G-stays 新宿 集住→ホテルへの変更
新宿歌舞伎町に建つRC造7階建・築32年のワンルームマンション(32戸)を外国人をメインターゲットとしたホテルに用途変更しました。
実際には無許可でホテルとして使用していた築32年のワンルームマンションを、オーナーが変わったタイミングで適法に運営するためにはどのようにしたら良いのか分からず、相談する専門家を探していたようでした。
私がパートナーとして所属していた会社(インスペクションをメインとする不動産関連会社)に弁護士を介して相談があり、私どもが過去に用途変更の経験があったため、このプロジェクトに共同設計者として参画することになりました。
検査済証はありましたが、元々駐車場として申請していた部分を住戸に変更していたり、開放廊下を塞いで室内化していたりと完了検査後に違法な改変が行われていました。私が前職で区立中学校の設計を担当していたこともあり、面識のあった区役所の関係者に相談すると「適法化を前提とするなら」と様々なアドバイスや協力を頂くことが出来ました。

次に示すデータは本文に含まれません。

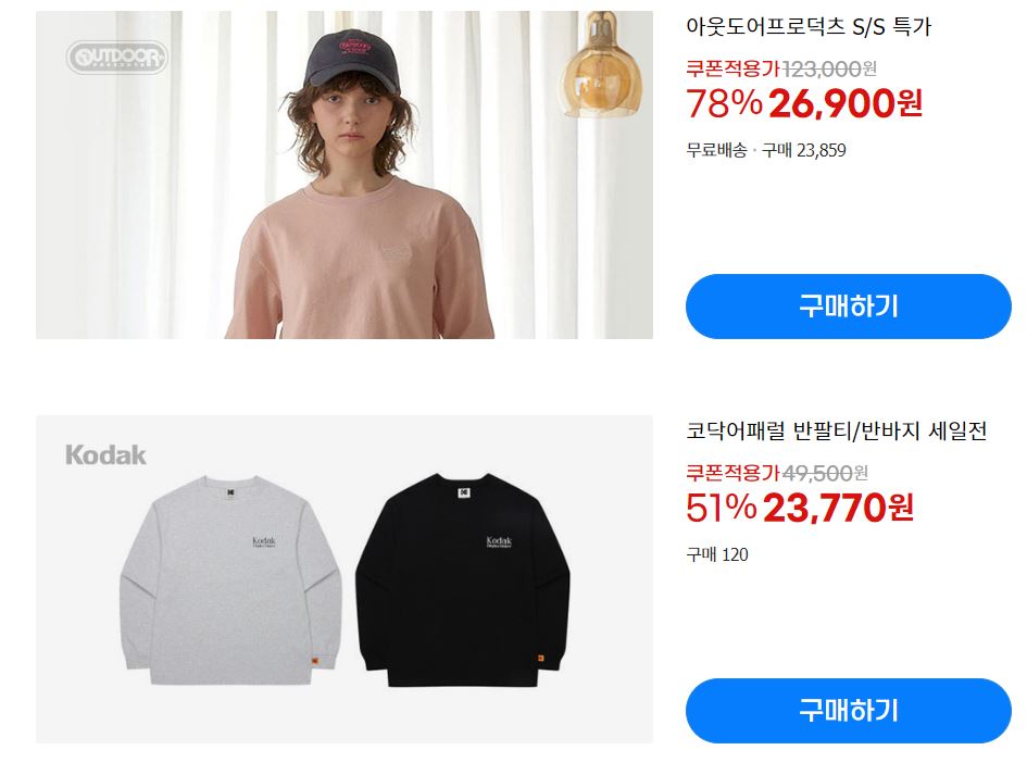 할인 품목 : 티셔츠, 팬츠 등

地域内の建物を適法化して運営することは新宿区にとってもメリットになると判断されたのではないかと推測しています。建築基準法の改正によって、EVシャフトや備蓄倉庫の面積が容積対象外になったこと等を最大限に活用して、適法に用途変更申請と増築申請を行い、新たに検査済証も発行して頂く事ができました。
オーナーからは当初は検査済証が得られるとは思ってもいなかったと言われ、ホテルの運営事業者からは旅館業としての営業許可も下りて適法に運営できることを大変喜んで頂きました。一時期はコロナ禍で客足は減ったものの、漸く回復の兆しもあり、何とかやっていけているとの連絡も頂き嬉しい限りです。更に、このプロジェクトをきっかけとして同じ運営事業者からは引き続き相談や依頼を頂いており、現在同じ新宿区で今度は一棟貸しのホテル営業に関する用途変更と旅館業申請の手続き中です。
外観は普通のワンルームマンションです
以前は既存ブレースをボードで塞いでエントランスホールを屋内扱いとしていましたが、今回の改修で違法部分を撤去して再び開放廊下に戻しました。
エントランスホール側は法的には開放廊下ですが、ルーバーを新設することによって適法ながらも少しは室内の雰囲気を出す工夫をしています。
ブレース部分とルーバーの詳細
ホテルフロント部分:後ろの壁も違法改修で設けられたもので、元々は開放廊下で面積不算入部分でした。今回の改修で当時の状況に戻して開放廊下部分にフロントを設置する訳にもいかず、他の部分で容積対象面積を何とかやりくりしてフロント部分は室内として面積を算入することにしました。
フロントの様子です。
エントランス横の壁面に多言語表記のウェルカム看板が設置されています。